Recently in my new office I saw a mouse cross desks in broad daylight before going down the cord hole on my computer. I moved back quickly and it took only a fraction of a second for the office girls to read that reaction to know that it was time to stand on chairs again. Tonight, tonight, tonight, ohhhhhhh, I was sitting at my desk in the office when I heard a sound to see a rat (a rat rat, not a cute mouse) walk into our office. Pursuit was engaged. I, at one stage, had my leg kicking along a window sill to deter it. Rats are sneaky though and he dropped down to the ground and scurried out the office. Students saw it. Potential clients saw it. Fortunately for all concerned it didn't know the floor plan and ran into a dead end. It hid below cabinets before bolting out and straight under my nimble foot. Such a move cannot be done with delicacy, so when it was apparent that it's tail wasn't moving, it was obvious that I had taken him out.
 
I'm pretty OK about all these critters, to be honest, but it's sad that there can't be a way for them to be a rarity. How is it that NZ has so few? A few colleagues raise legitimate concerns. Such places are unhealthy. There is a very small chance that we'll all contract the plague. There is a distinct possibility that some of our sick days are the direct result of rats and mice. The school fortunately is not waiting for the building management to act any more and is doing its own thing. Thank goodness is all we can say.

 

Tuesday, March 01, 2011

The Shaky Isles

It is a week since Christchurch shook its fatal shake. Not being in NZ as something so big happens is hard. I wanted to know everything: The Herald with its videos were my breakfast. By the time I'd got on the metro, I was reading it in the Chinese media: Chinese too died in the quake. The day after it was front page news for that reason. A picture of a father watching forlornly at the TV broadcasts. His daughter, a Guangzhou native, was in the quake, she was trapped in a fallen building but had managed to text him saying she was struggling; she texted again for him to take care of himself and then her messages fell silent. She almost certainly perished. The news of the quake reverberated around the school. A large number of students could raise the name of the CTV building, which is a temporary tomb for a large number of the victims. A language school inside made it even more relevant and poignant.

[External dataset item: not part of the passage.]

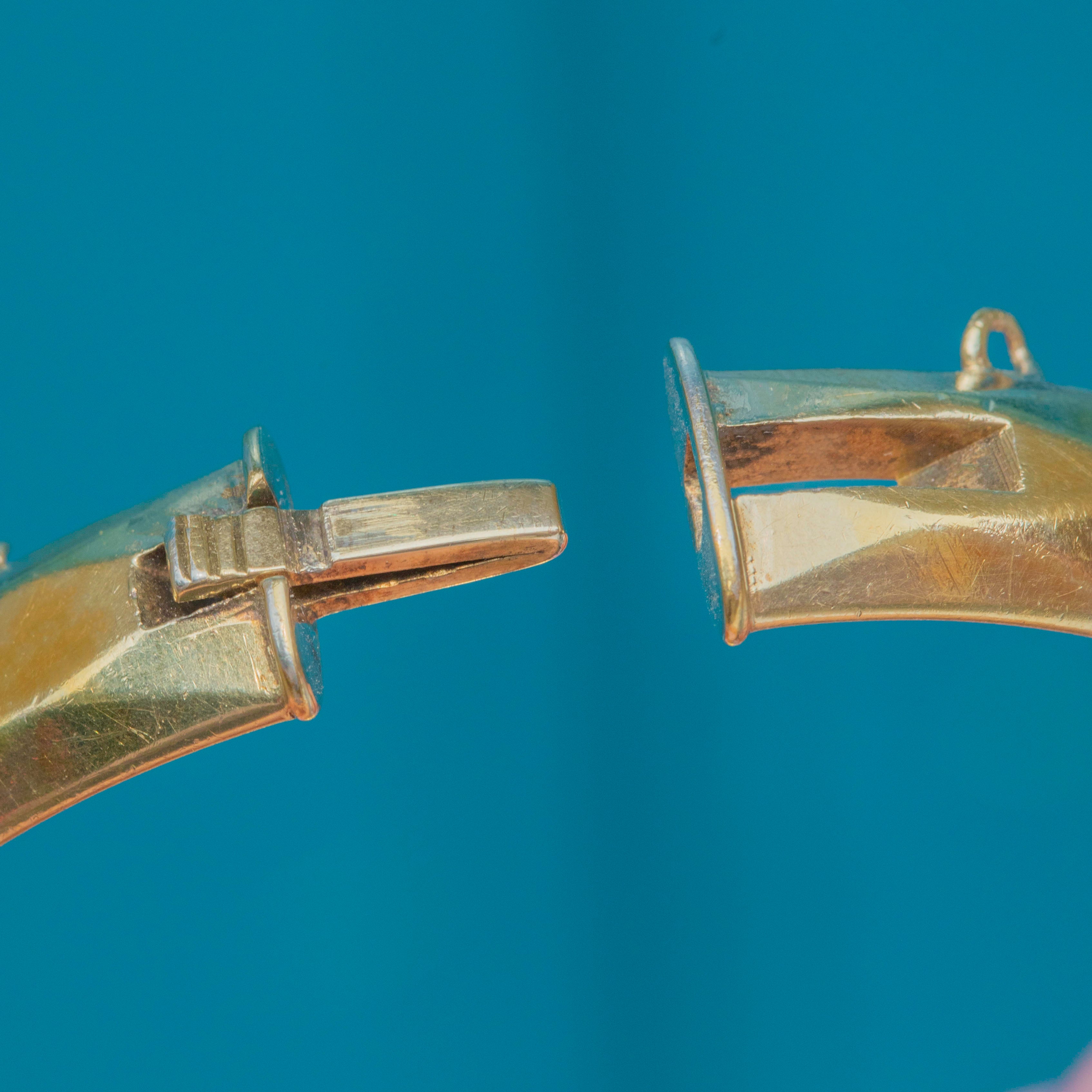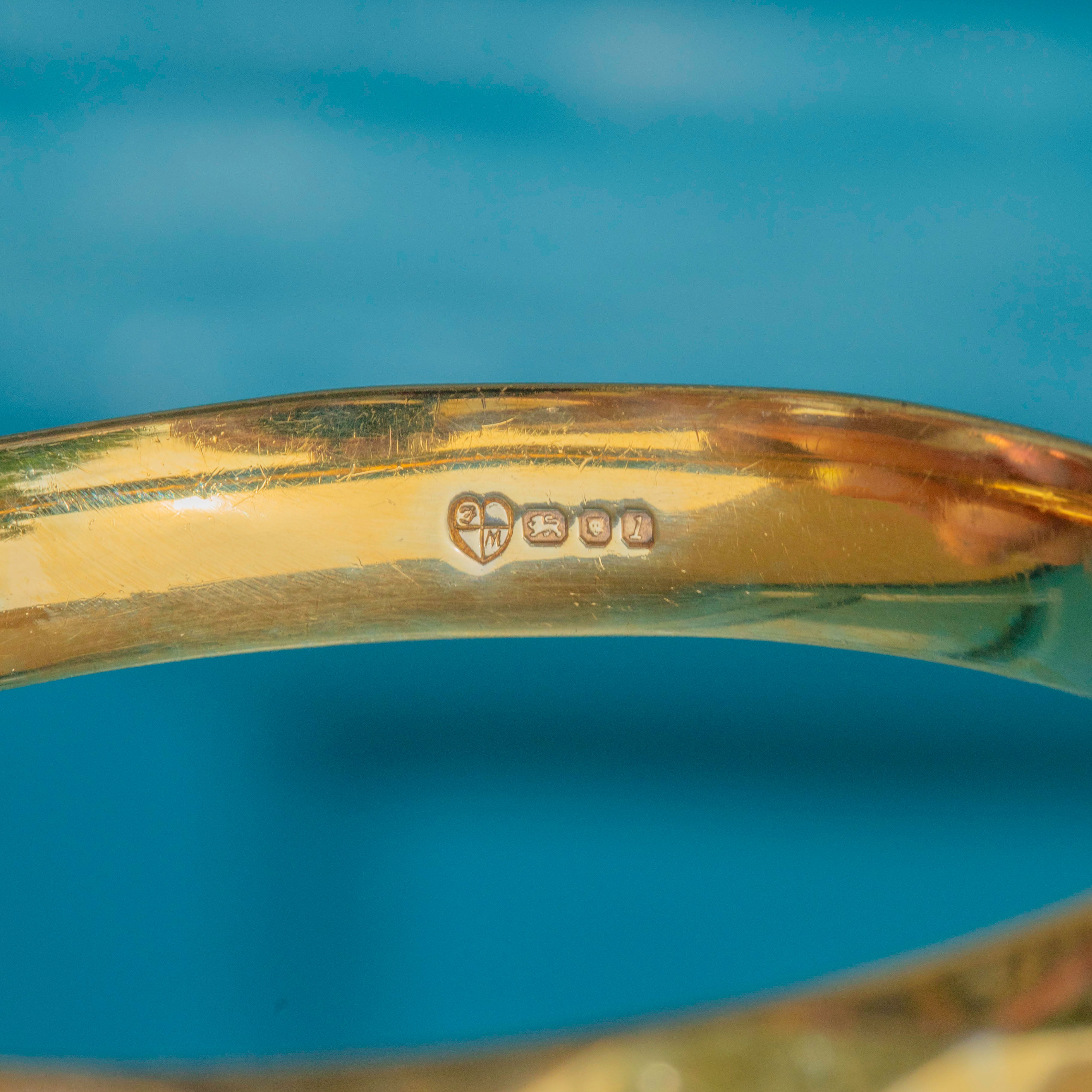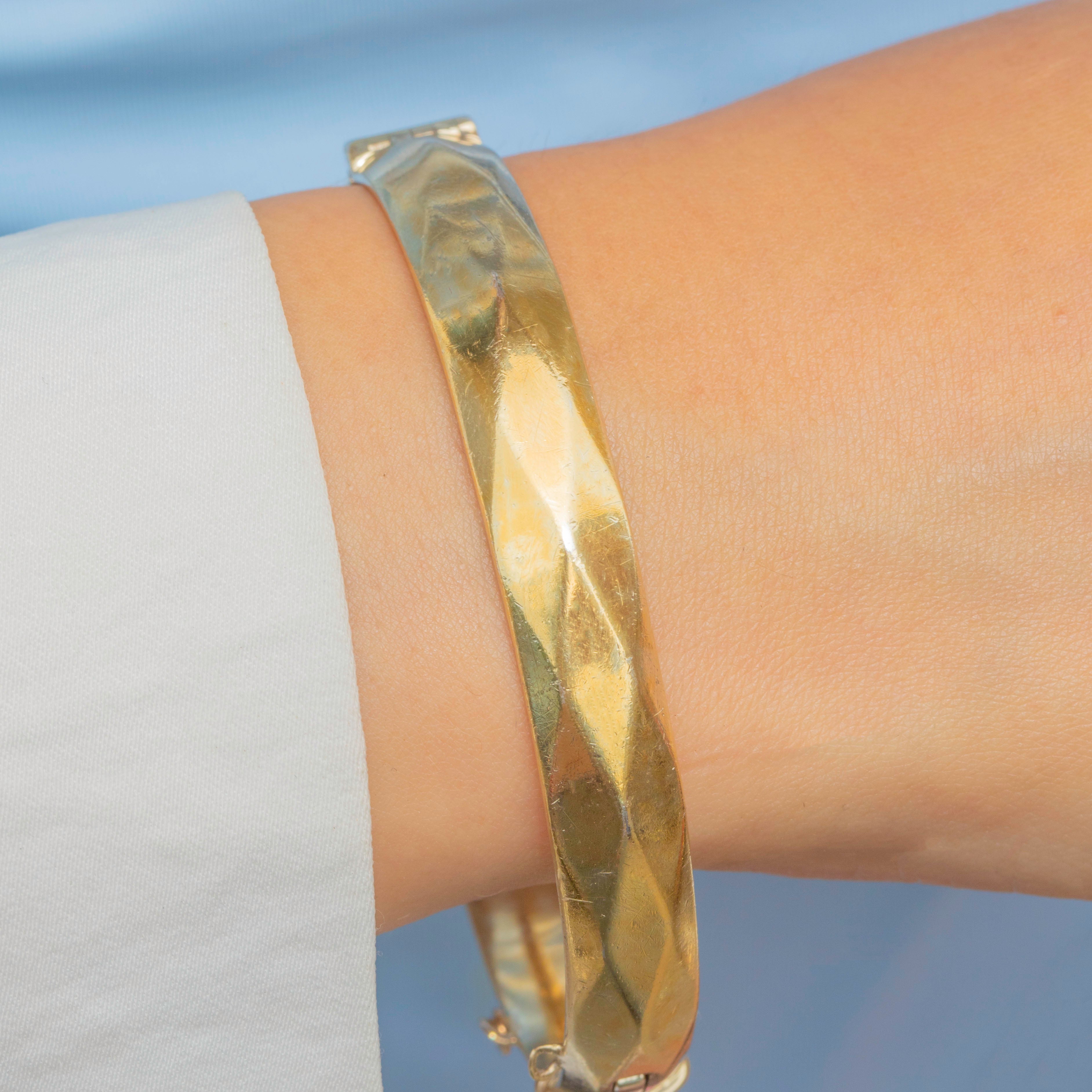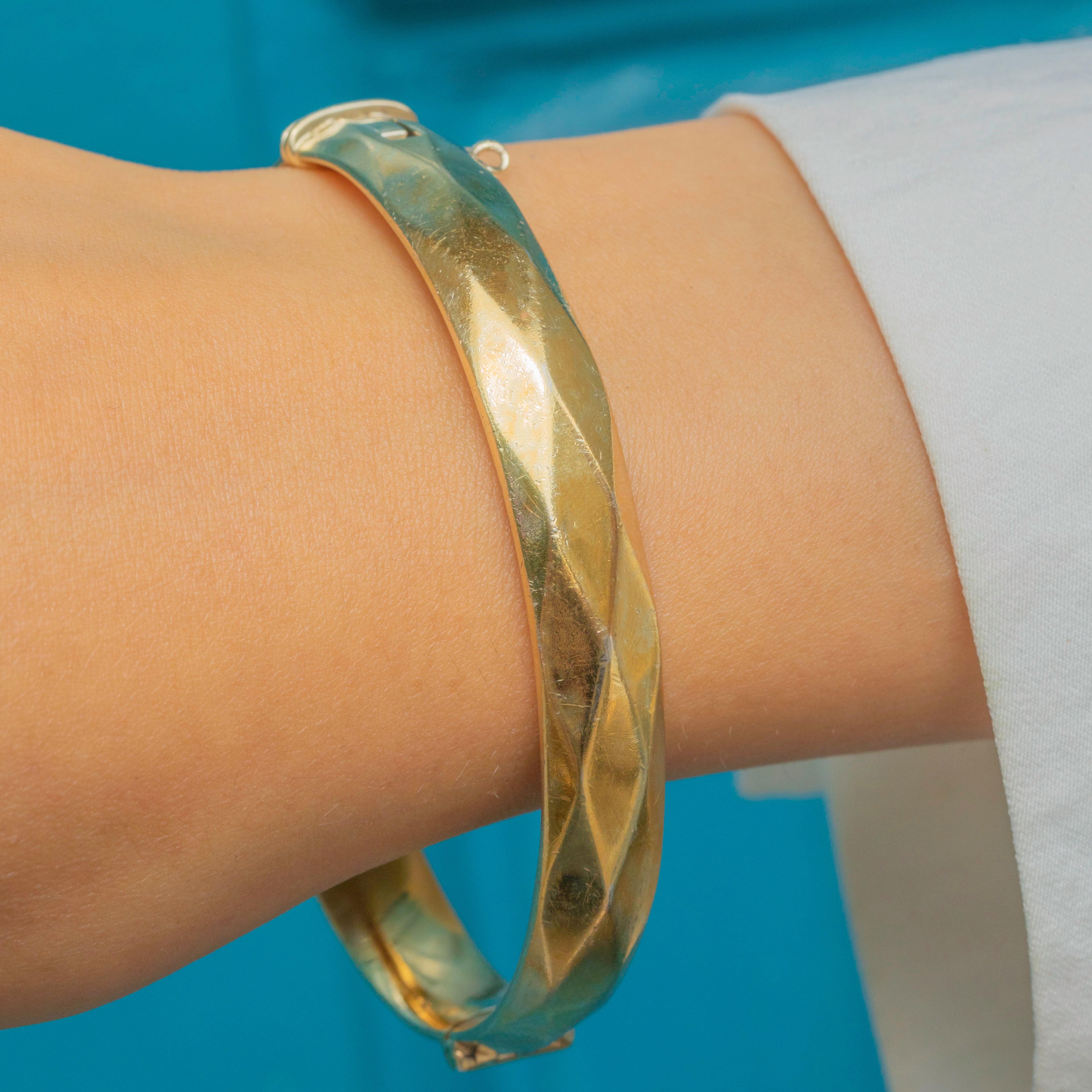 VERY GOOD: The 22ct plated Gold bangle is bright and buttery, with only mild surface wear, including spots of discolouration and scratches. Despite this, the bangle has been formed beautifully and closes with a nice 'click', ensuring you can wear it with utmost confidence!

That tragedy made the comment that this was not just New Zealand's disaster all the more apt.
 
Though I'm far away from home, the inundation of news about it became a compulsion. I sometimes hear people repeating the sentiment that it is sick to be so interested in the images of disater. But there is something very human about this. It is rooted in many emotions: sympathy, grief, astonishment, curiosity and fear. Disasters are when again the veil of routine life is pulled violently from before our eyes and brutal realities strike us again. One cannot appreciate normality until they accept the true normalness of this tragic event.
 
The scale of it is hard to really interpret. Any shock happening or development can be hard to really grasp, and only with time can we really know. The Erebus disaster (which occurred during my lifetime) will likely still stand as New Zealand's worst disaster. But its impact on the New Zealand, beyond the lives lost, was mainly psychological. The Napier earthquake at number two can only be imagined. 256 lives disappeared in 1931 in that tremor. It is almost frightening to think that in that in what was a small town, everyone must have known people who died. With 80 years to accept the tragedy it is remembered for the positive effect of Art Deco rebuilding and land for an airport. Beyond the immediate carnage and death, one can only think about the fear after the quake. One clip was taken at Christchurch airport where people were fleeing the city. People were vowing that they would never return. But there is no place of earth where the earthquakes didn't stop shaking. Let's hope that this last series is the last and the true rebuilding can begin.
 
In Guangzhou the spring festival feeling has gone and the spring weather has come. About the time of the quake, the Guangzhou temperature became warmer than Auckland for the first time in the year. It is a world away in feeling, and creates almost a contradiction in my head.